The building is anchored by a Starbucks coffee shop and Jackson Jewelers, a tenant of the building since 1944 and also its new owner. Phil and Ralph Jackson--their father opened the jewelry store there in 1944--had to pay $557,000 in order to out bid another buyer bent on getting his hands on it. Phil tells GlobeSt.com the building realistically should have sold in the $350,000 to $400,000 range, but that it's better to own the building at that price than to not be in control after nearly 60 years in the facility.

"We've paid for numerous improvements to this building over the years--we put on the granite front, remodeled three times, redid all the HVAC--and to relocate could cost $300,000 and we'd never find a better location, so we had to look at the big picture" says Phil, who hopes to find a tenant for the vacant second floor of the building. "This way, if the store isn't passed onto the next generation, at least we'll have something marketable."

As for the price--better than $60 per sf even if you include the basement, which is several feet below grade and probably best left for storage--it is twice what the 30,467-sf Franklin Building sold for just a couple blocks away on the corner of State and High Streets, directly across from the Marion County Courthouse, another prime location.

Still, it's worth it, says Alex Rhoten, designated broker of the local Coldwell Banker Commercial franchise and partner in EcoWest, the new development company that bought the Franklin Building. "(Court and Liberty) is a high-impact corner and there's value in location," says Rhoten. "I think it's a solid investment for them."

The Steusloff family built the Steusloff Building in the early 1900s. Phil says the family used to be in Salem, but the second and third generations are spread out now. Bouche says the current generation that owns the building lives in Atlanta and wanted to 10-31 exchange their dollars into that hot market.

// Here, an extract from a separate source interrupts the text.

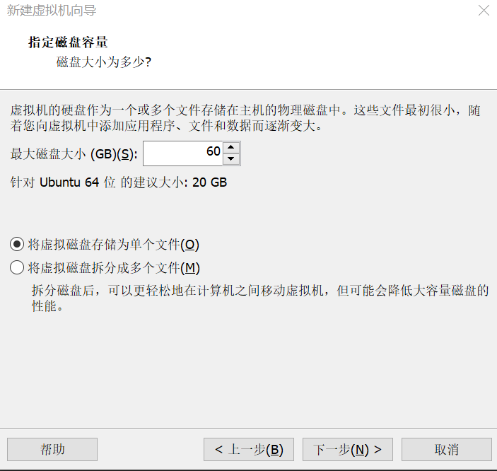 名称自己定,这个无所谓的。然后指定磁盘容量,这里磁盘大小请保证为50GB以上,因为大数据要用的软件都比较大,还比较多!!同时,为了性能,请选择储存为单个文件

The other buildings sold by the trust--all constructed of brick and block--include a 3,400--sf building at 387 Court that sold for $297,000, or $87.35 per sf; a 4,000-sf building that sold for $250,000, or $62.50 per sf, and; a 750-sf building that sold for $80,000, or $106.66 per sf. The names of the buyers were not immediately available.

"The tenants didn't have first right of refusal and we gave it to them," says Bouche. "They didn't want somebody else coming in. But they should make (the premium they paid) back in the first year; most of them (in the form of rent) have already bought the building several times."